Ferkans — Interactive Telecom Tutor

Why Information-Theoretic Secrecy?

In every channel model we have studied so far, the goal was to maximize the rate of reliable communication. We never asked: can someone else, listening to the transmission, learn the message? In cryptography, this problem is solved by encryption — the message is scrambled with a shared secret key before transmission. But what if the transmitter and receiver do not share a secret key?

Information-theoretic secrecy takes a fundamentally different approach: it exploits the physical properties of the communication channel itself to provide confidentiality. If the eavesdropper's channel is noisier than the legitimate receiver's, we can transmit at a rate that the receiver can decode but the eavesdropper cannot — and we can prove this mathematically, without relying on computational hardness assumptions.

The point is that the noise in the channel, which we have been fighting against throughout this book, now becomes our ally.

Definition:
The Wiretap Channel

The wiretap channel consists of a transmitter, a legitimate receiver, and an eavesdropper. The transmitter sends $X^n$ over a discrete memoryless channel. The legitimate receiver observes $Y^n$ through the main channel $P_{Y|X}$ , and the eavesdropper observes $Z^n$ through the wiretap channel $P_{Z|X}$ .

The channel is degraded if $X \to Y \to Z$ forms a $X \multimap Y \multimap Z$ chain, meaning the eavesdropper sees a noisier version of what the legitimate receiver sees.

A $(2^{nR}, n)$ wiretap code consists of:

Stochastic encoder: a (possibly randomized) mapping $f: \{1, \ldots, 2^{nR}\} \to \mathcal{X}^n$
Decoder: a mapping $g: \mathcal{Y}^n \to \{1, \ldots, 2^{nR}\}$

The code must satisfy two requirements:

Reliability: $P_e^{(n)} = \Pr[\hat{M} \neq M] \to 0$
Secrecy: $\frac{1}{n}I(M; Z^n) \to 0$ (weak secrecy) or $I(M; Z^n) \to 0$ (strong secrecy)

The encoder is stochastic — for each message $M$ , it randomly selects among multiple codewords. This randomization is the key mechanism for confusing the eavesdropper. It is reminiscent of random binning in Slepian–Wolf coding, and indeed the achievability proof uses the same technique.

Wiretap channel

A channel model with three parties: a transmitter, a legitimate receiver, and an eavesdropper.

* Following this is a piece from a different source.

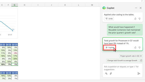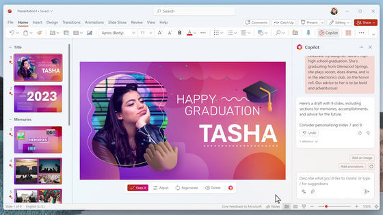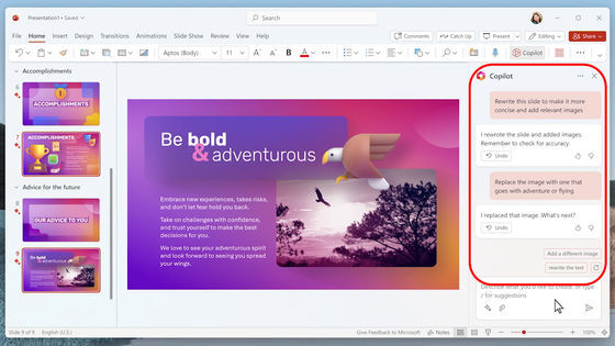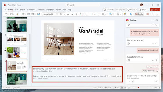화면 오른쪽에는 Copilot과의 채팅이 표시되어 여기에 세세한 지시를 입력하면 자료가 수정됩니다. PowerPoint를 사용하는 방법을 모르는 사람도 높은 품질의 프리젠 테이션 자료를 만들 수 있습니다.

The goal is to communicate reliably to the receiver while keeping the message secret from the eavesdropper.

Secrecy capacity

The maximum rate at which reliable and secret communication is possible over a wiretap channel. Denoted $C_s$ .

Related: Wiretap channel

Equivocation rate

The normalized conditional entropy $\frac{1}{n}H(M | Z^n)$ , measuring the eavesdropper's uncertainty about the message after observing the wiretap channel output. Perfect secrecy requires the equivocation rate to approach the message rate.

Definition:
Weak and Strong Secrecy

Two notions of secrecy are commonly used:

Weak secrecy: $\frac{1}{n}I(M; Z^n) \to 0$ as $n \to \infty$ . The per-symbol information leakage vanishes.
Strong secrecy: $I(M; Z^n) \to 0$ as $n \to \infty$ . The total information leakage vanishes.

Strong secrecy is strictly stronger than weak secrecy. The difference matters because under weak secrecy, the total leakage $I(M; Z^n)$ can grow sublinearly with $n$ — the eavesdropper may learn a vanishing fraction but a growing number of bits. Under strong secrecy, even the total leakage vanishes.

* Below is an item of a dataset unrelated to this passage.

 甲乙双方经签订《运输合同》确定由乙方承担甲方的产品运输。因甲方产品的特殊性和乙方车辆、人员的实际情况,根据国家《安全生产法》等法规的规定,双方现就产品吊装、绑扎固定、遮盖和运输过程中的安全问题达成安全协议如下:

Remarkably, the secrecy capacity is the same under both notions: the achievable rate does not change when we strengthen the secrecy requirement from weak to strong.

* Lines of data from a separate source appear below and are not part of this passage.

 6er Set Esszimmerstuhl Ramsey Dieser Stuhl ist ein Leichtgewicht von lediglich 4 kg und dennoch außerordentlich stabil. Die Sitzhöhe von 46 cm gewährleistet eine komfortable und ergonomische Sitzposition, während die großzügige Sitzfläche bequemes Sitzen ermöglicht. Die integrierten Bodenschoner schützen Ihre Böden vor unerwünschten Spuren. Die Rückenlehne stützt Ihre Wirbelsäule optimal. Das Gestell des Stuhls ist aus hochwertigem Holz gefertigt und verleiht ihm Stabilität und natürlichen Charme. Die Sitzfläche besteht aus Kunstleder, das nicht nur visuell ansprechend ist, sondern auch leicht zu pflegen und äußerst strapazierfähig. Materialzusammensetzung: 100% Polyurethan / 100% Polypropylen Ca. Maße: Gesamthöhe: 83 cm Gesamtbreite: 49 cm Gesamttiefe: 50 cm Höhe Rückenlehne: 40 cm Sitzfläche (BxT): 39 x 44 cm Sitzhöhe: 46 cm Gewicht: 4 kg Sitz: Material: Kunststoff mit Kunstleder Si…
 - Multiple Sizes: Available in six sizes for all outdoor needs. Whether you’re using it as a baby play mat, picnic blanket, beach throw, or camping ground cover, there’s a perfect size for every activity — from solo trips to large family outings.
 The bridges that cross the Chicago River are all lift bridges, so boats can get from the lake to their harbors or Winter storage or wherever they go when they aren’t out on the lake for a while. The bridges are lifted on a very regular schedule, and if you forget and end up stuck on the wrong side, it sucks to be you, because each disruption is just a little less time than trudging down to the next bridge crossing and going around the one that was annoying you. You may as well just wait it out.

Theorem: Secrecy Capacity of the Degraded Wiretap Channel

For a degraded wiretap channel $X \to Y \to Z$ , the secrecy capacity is $C_s = \max_{P_X} \bigl[I(X; Y) - I(X; Z)\bigr].$

More generally, for a non-degraded wiretap channel, the secrecy capacity is $C_s = \max_{P_{V,X}} \bigl[I(V; Y) - I(V; Z)\bigr]$ where $V \to X \to (Y, Z)$ forms a $X \multimap Y \multimap Z$ chain and $|\mathcal{V}| \leq |\mathcal{X}|$ .

The secrecy capacity is the difference between the mutual information to the legitimate receiver and the mutual information to the eavesdropper. Intuitively, we can communicate secretly at a rate equal to the "advantage" the main channel has over the wiretap channel. If the eavesdropper's channel is better than the legitimate receiver's ( $I(X;Z) > I(X;Y)$ for all $P_X$ ), then $C_s = 0$ — no secret communication is possible.

The achievability uses a beautiful combination of random coding and random binning. We generate a codebook with $2^{n(I(X;Y) - \epsilon)}$ codewords, partition them into $2^{nR}$ bins (one per message), and for each message, randomly select a codeword from its bin. The legitimate receiver can decode (the codewords are distinguishable through the main channel), but the eavesdropper cannot determine which bin the codeword belongs to because the randomization within each bin creates confusion.

Proof

Achievability — Codebook generation

Fix $P_X$ and a target rate $R < I(X;Y) - I(X;Z)$ .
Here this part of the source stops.